» Exercise
Could you copy every line from the material below in which "mere" appears?

※ ※ ※

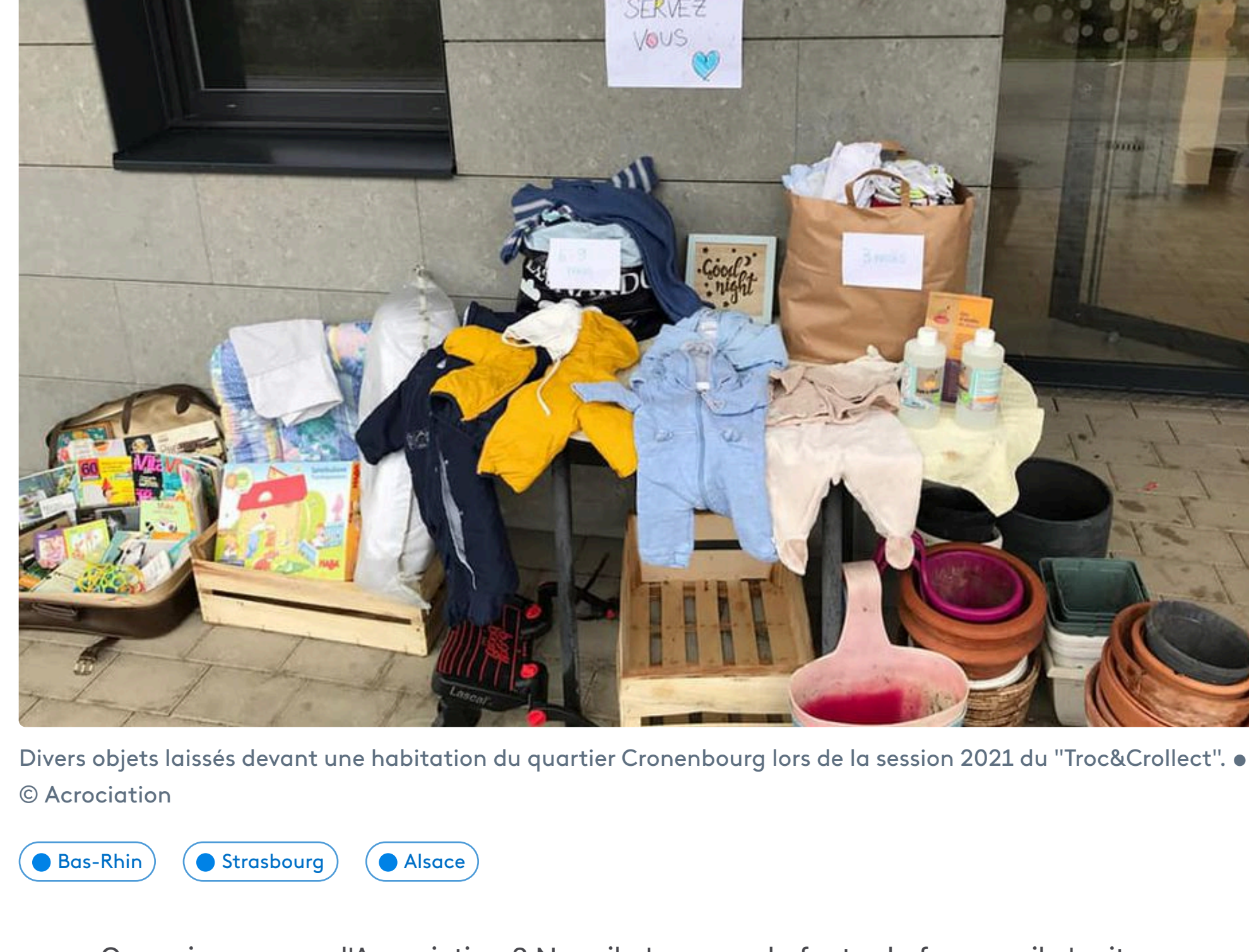
Divers objets laissés devant une habitation du quartier Cronenberg lors de la session 2021 du "Troc&Crollect".
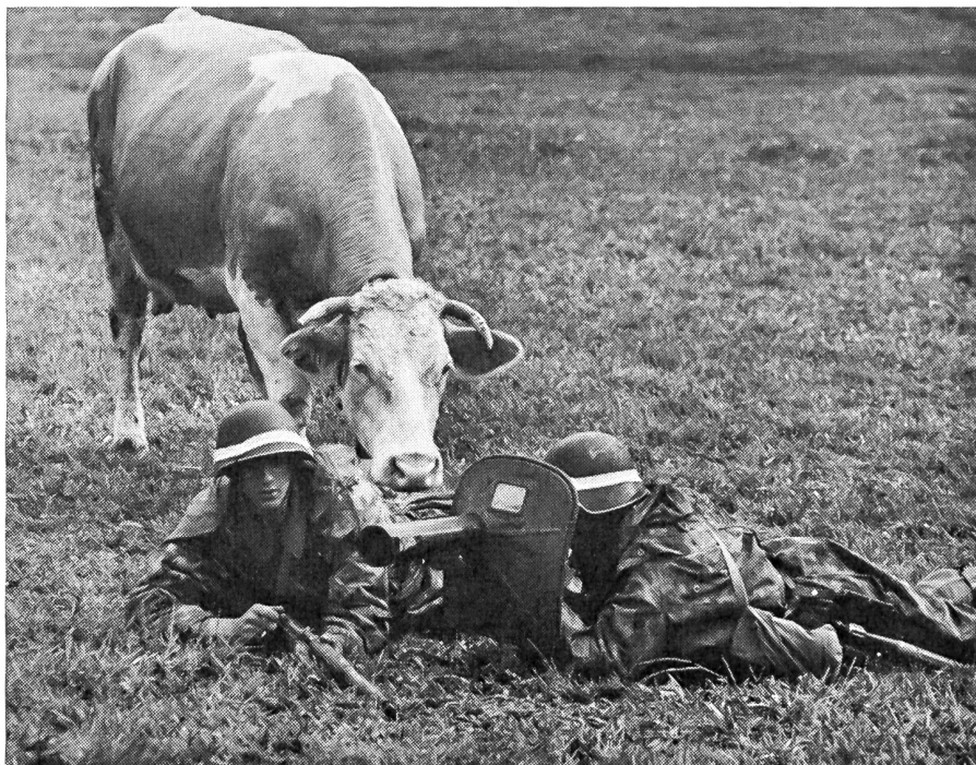
«Der unfreiwillige Humor kommt auch im Gefechte vor!»
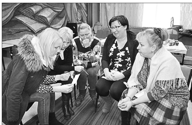
Психологи обсуждают проблемную ситуацию.

Параллельно в этот день в Визингской школе педагогами психологами регионального центра развития социальных технологий был проведен ряд
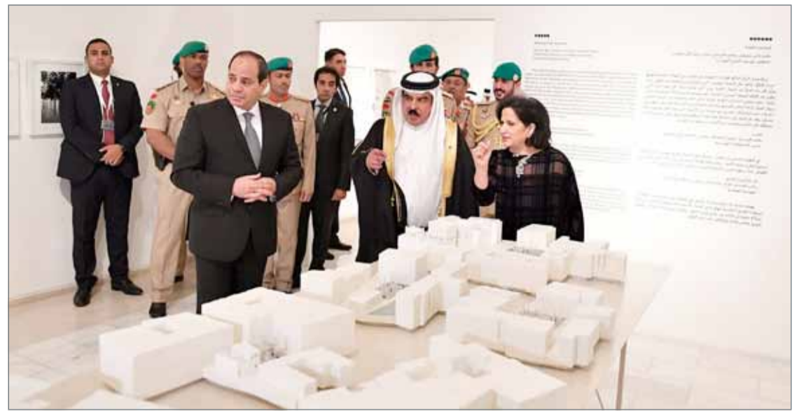
• جلالة الملك والرئيس المصري لدى زيارتهما لمتحف البحرين الوطني بحضور سمو رئيس الوزراء
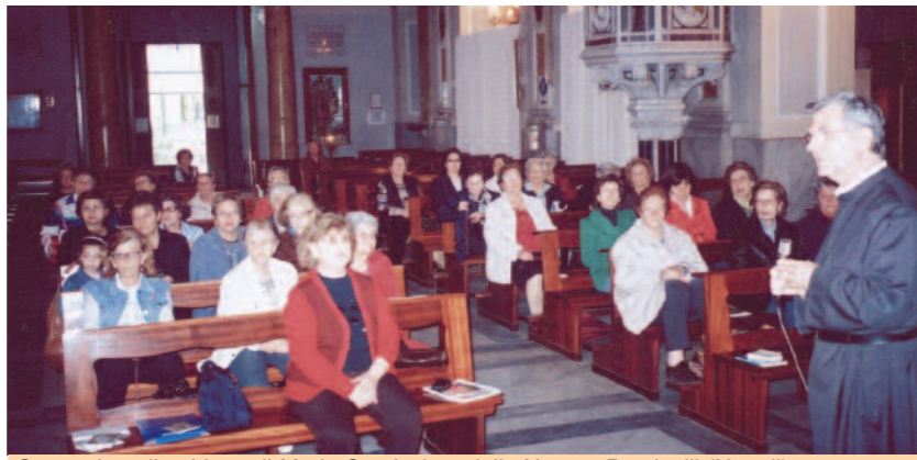
Cenacolo nella chiesa di Maria Santissima della Neve a Ponticelli (Napoli).
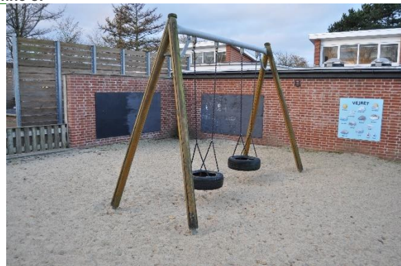
Redskab: Gynger Årgang: Producent: Er redskabet mærket: Nej Emne 10: Er der registreret fejl / mangler: Ja
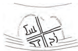
Afb. 20. Merk van de dekselmaker, vermoedelijk 'H-I-S'. Zie afb. 13.
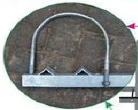
Galvanized metal hoop
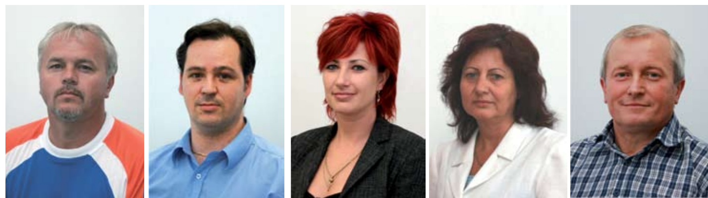
Hanzel Árpád Közúti Szállítási Egység
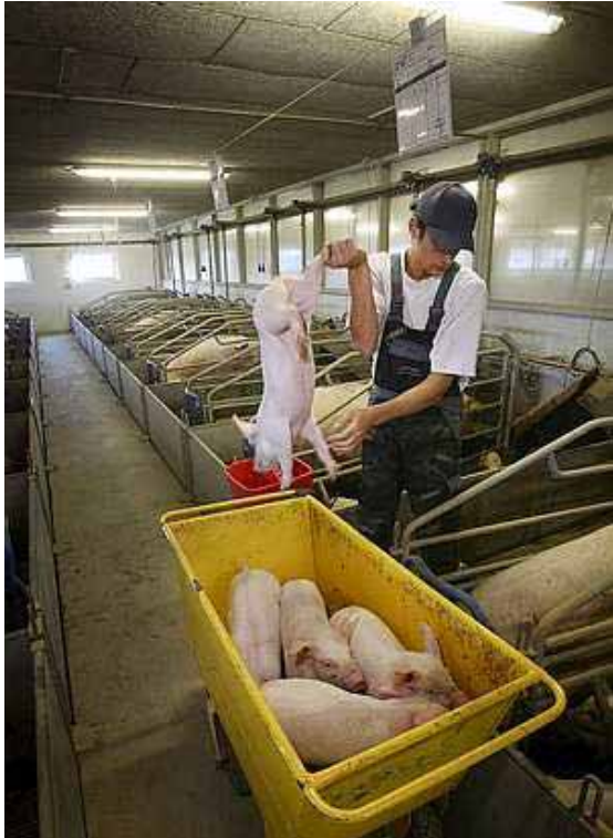
Farestier kunne blive mere hensigtsmæssige at arbejde i

Deltagerne i temadagen lagde vægt på, at der findes eksempler på gode indretninger af farestalde, herunder især de sidevendte farestier, som medarbejderne oplever som mere hensigtsmæssige at arbejde i sammenlignet med de traditionelle farestier.
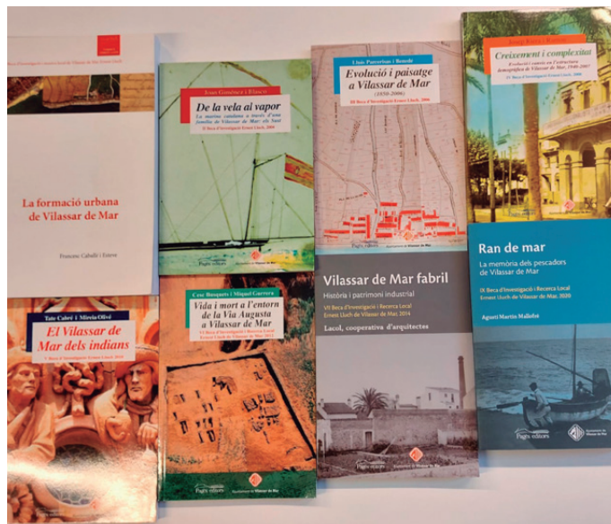
Llibres publicats dels treballs premiats

La primera edició de la beca (any 2002) va premiar el treball La formació urbana de Vilassar de Mar: de veïnat a nucli consolidat segles XVIII-XIX . La segona edició, el treball De la vela al vapor: els Sust, una nissaga marinera a cavall dels segles XIX i XX . La tercera edició va premiar el treball Evolució del paisatge i transformacions del territori a Vilassar de Mar i Vilassar de Dalt des de 1850 a l'actualitat i la quarta, el projecte Creixement i complexitat. Evolució i canvis en l'estructura demogràfica de Vilassar de Mar, 1939-2007 . La cinquena edició va

※ ※ ※

» The completed task
Farestier kunne blive mere hensigtsmæssige at arbejde i
Deltagerne i temadagen lagde vægt på, at der findes eksempler på gode indretninger af farestalde, herunder især de sidevendte farestier, som medarbejderne oplever som mere hensigtsmæssige at arbejde i sammenlignet med de traditionelle farestier.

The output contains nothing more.